> **Records shown**:
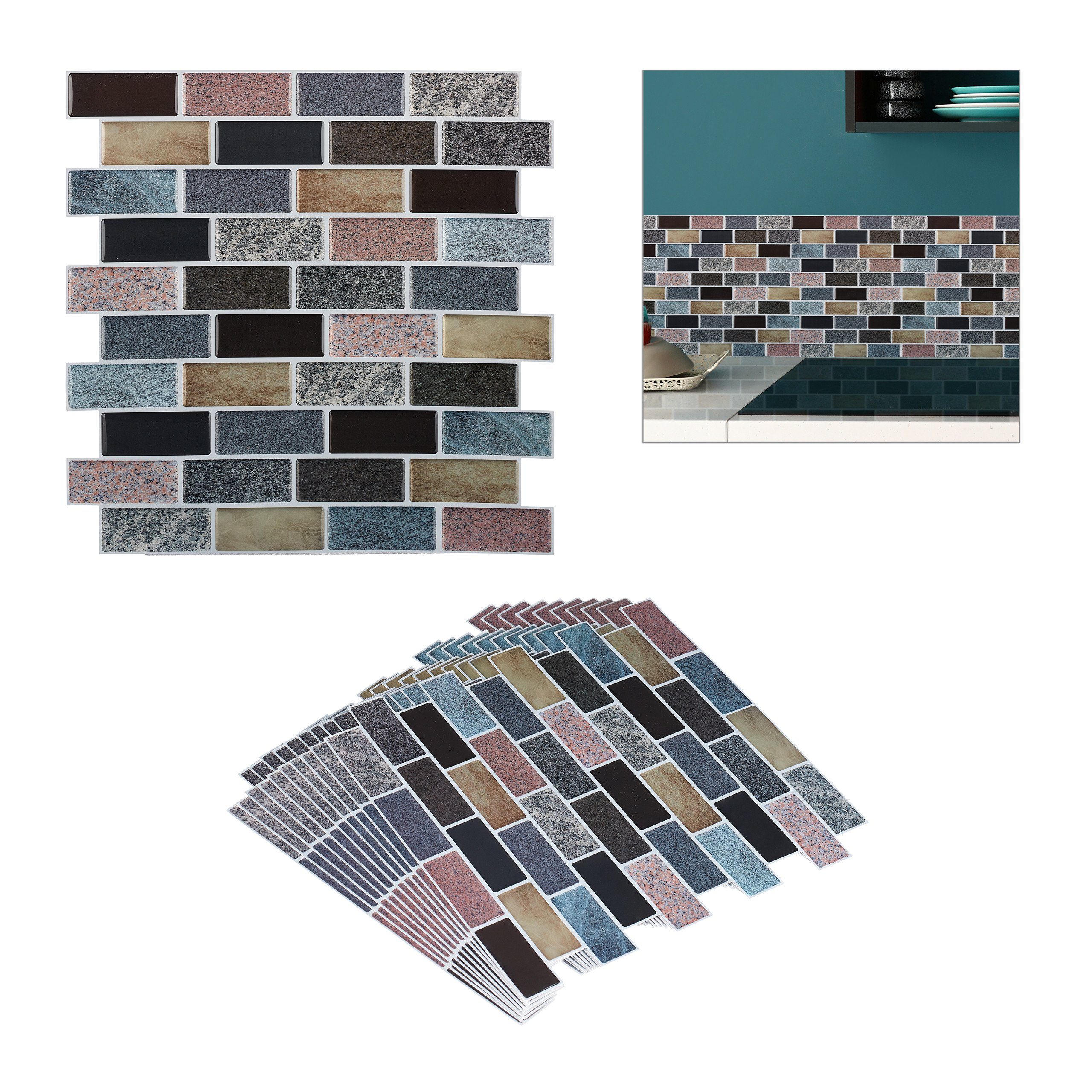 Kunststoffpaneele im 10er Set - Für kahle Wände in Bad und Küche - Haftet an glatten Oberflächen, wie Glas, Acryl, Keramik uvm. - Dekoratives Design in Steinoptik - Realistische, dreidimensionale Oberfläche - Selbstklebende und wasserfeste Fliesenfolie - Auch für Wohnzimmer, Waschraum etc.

==

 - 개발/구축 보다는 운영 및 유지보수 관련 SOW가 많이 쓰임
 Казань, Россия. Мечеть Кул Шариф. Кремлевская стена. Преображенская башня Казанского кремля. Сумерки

==

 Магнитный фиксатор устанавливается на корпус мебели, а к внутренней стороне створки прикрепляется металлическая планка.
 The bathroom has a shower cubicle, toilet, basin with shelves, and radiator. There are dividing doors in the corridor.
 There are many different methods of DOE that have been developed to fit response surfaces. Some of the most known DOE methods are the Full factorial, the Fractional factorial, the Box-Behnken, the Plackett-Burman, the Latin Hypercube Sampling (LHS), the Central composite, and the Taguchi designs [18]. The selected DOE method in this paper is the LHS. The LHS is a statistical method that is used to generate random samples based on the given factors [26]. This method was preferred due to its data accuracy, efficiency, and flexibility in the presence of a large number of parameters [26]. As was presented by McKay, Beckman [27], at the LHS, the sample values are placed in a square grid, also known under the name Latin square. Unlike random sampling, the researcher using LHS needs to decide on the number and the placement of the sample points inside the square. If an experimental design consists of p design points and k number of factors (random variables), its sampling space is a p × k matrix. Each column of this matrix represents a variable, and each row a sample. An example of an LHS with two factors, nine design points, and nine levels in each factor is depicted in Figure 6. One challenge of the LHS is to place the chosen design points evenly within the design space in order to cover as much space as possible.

> **What you need to do**:
Both end lines included, restate word for word the lines above from the line with "Магнитный фиксатор устанавливается" to the line with "There are many", and nothing else.

> **Answer to the problem**:
 Магнитный фиксатор устанавливается на корпус мебели, а к внутренней стороне створки прикрепляется металлическая планка.
 The bathroom has a shower cubicle, toilet, basin with shelves, and radiator. There are dividing doors in the corridor.
 There are many different methods of DOE that have been developed to fit response surfaces. Some of the most known DOE methods are the Full factorial, the Fractional factorial, the Box-Behnken, the Plackett-Burman, the Latin Hypercube Sampling (LHS), the Central composite, and the Taguchi designs [18]. The selected DOE method in this paper is the LHS. The LHS is a statistical method that is used to generate random samples based on the given factors [26]. This method was preferred due to its data accuracy, efficiency, and flexibility in the presence of a large number of parameters [26]. As was presented by McKay, Beckman [27], at the LHS, the sample values are placed in a square grid, also known under the name Latin square. Unlike random sampling, the researcher using LHS needs to decide on the number and the placement of the sample points inside the square. If an experimental design consists of p design points and k number of factors (random variables), its sampling space is a p × k matrix. Each column of this matrix represents a variable, and each row a sample. An example of an LHS with two factors, nine design points, and nine levels in each factor is depicted in Figure 6. One challenge of the LHS is to place the chosen design points evenly within the design space in order to cover as much space as possible.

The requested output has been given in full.